• _Task to complete_
Your answer is the lines below, exactly, from the one that contains "Важно помнить, что" through the one that contains "華砂砂漿有限責(zé)任公司", both included.

• _Available records_
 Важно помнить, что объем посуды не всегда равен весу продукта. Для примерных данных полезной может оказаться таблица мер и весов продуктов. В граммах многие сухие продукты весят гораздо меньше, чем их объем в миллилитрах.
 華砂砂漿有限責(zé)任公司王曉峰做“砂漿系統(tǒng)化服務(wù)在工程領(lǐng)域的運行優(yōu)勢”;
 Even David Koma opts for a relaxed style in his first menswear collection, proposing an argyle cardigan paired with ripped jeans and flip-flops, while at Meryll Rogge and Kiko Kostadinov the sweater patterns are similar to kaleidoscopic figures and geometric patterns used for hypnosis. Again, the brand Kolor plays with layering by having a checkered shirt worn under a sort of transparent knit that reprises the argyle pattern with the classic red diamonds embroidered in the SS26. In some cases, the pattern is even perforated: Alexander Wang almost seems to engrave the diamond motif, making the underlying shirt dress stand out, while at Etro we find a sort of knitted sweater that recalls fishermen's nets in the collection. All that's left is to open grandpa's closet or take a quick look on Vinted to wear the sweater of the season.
* * *
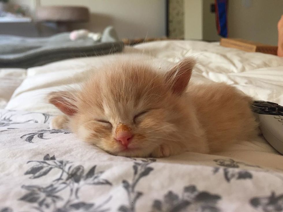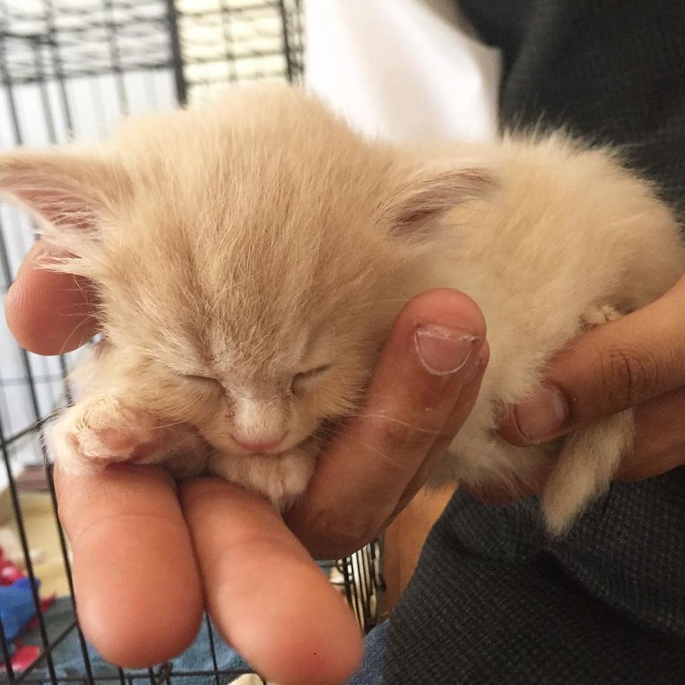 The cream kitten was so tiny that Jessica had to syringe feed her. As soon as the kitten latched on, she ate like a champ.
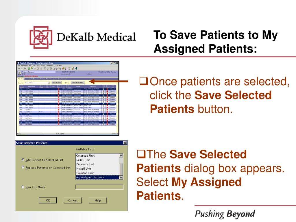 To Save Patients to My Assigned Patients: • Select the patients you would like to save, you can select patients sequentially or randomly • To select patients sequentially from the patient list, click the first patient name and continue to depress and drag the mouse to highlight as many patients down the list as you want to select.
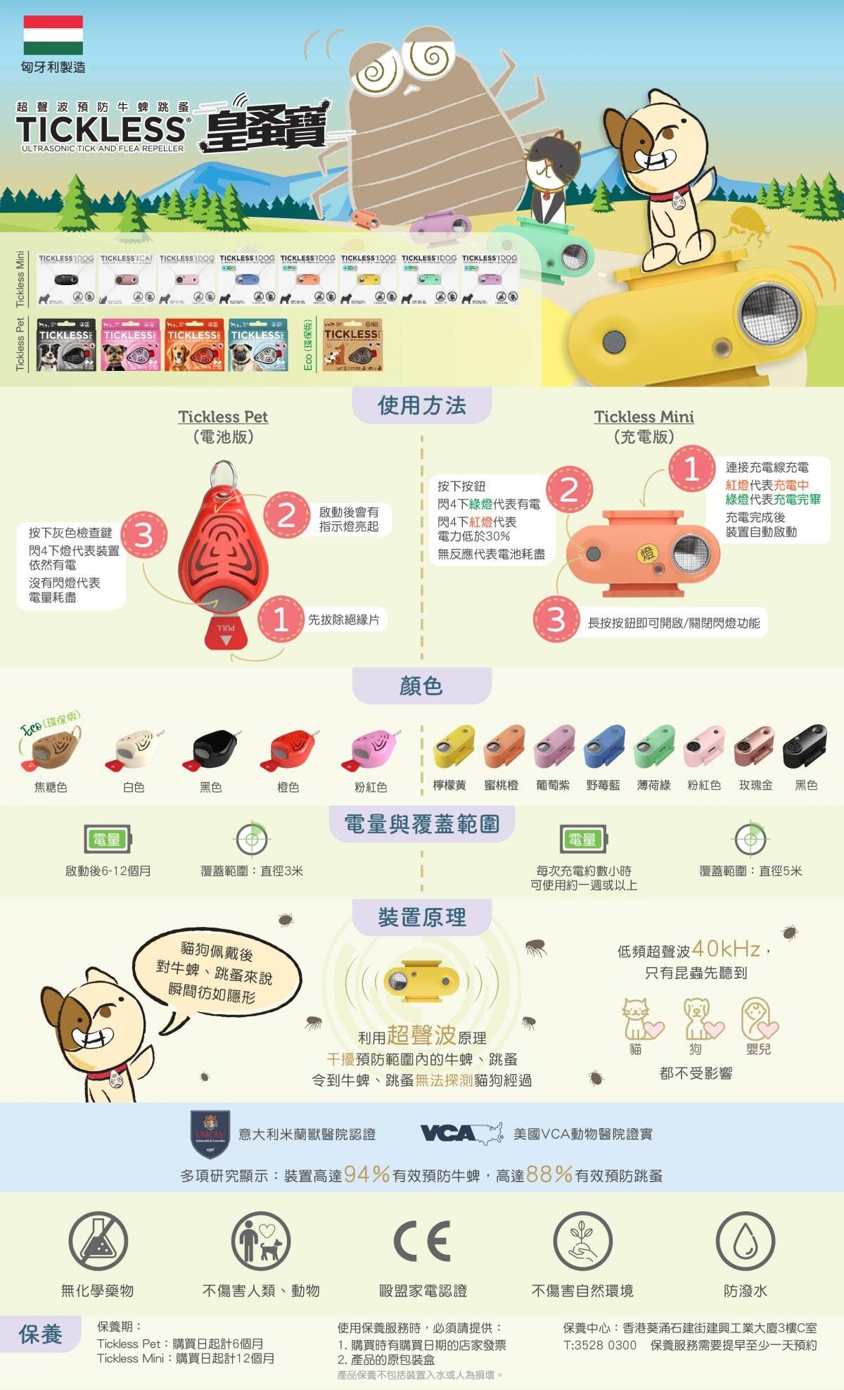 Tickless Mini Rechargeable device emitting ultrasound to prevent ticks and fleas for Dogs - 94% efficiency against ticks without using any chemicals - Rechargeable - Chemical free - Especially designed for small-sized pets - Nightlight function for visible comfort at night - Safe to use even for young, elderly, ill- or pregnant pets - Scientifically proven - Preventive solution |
==
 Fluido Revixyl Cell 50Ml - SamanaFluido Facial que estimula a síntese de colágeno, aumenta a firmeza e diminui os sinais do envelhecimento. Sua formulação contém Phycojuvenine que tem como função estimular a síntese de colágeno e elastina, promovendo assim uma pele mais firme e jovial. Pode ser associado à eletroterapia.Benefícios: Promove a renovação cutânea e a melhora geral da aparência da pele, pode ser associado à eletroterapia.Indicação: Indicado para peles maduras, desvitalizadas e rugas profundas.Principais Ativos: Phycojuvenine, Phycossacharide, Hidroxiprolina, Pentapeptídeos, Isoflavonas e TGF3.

• _Reply_
 Важно помнить, что объем посуды не всегда равен весу продукта. Для примерных данных полезной может оказаться таблица мер и весов продуктов. В граммах многие сухие продукты весят гораздо меньше, чем их объем в миллилитрах.
 華砂砂漿有限責(zé)任公司王曉峰做“砂漿系統(tǒng)化服務(wù)在工程領(lǐng)域的運行優(yōu)勢”;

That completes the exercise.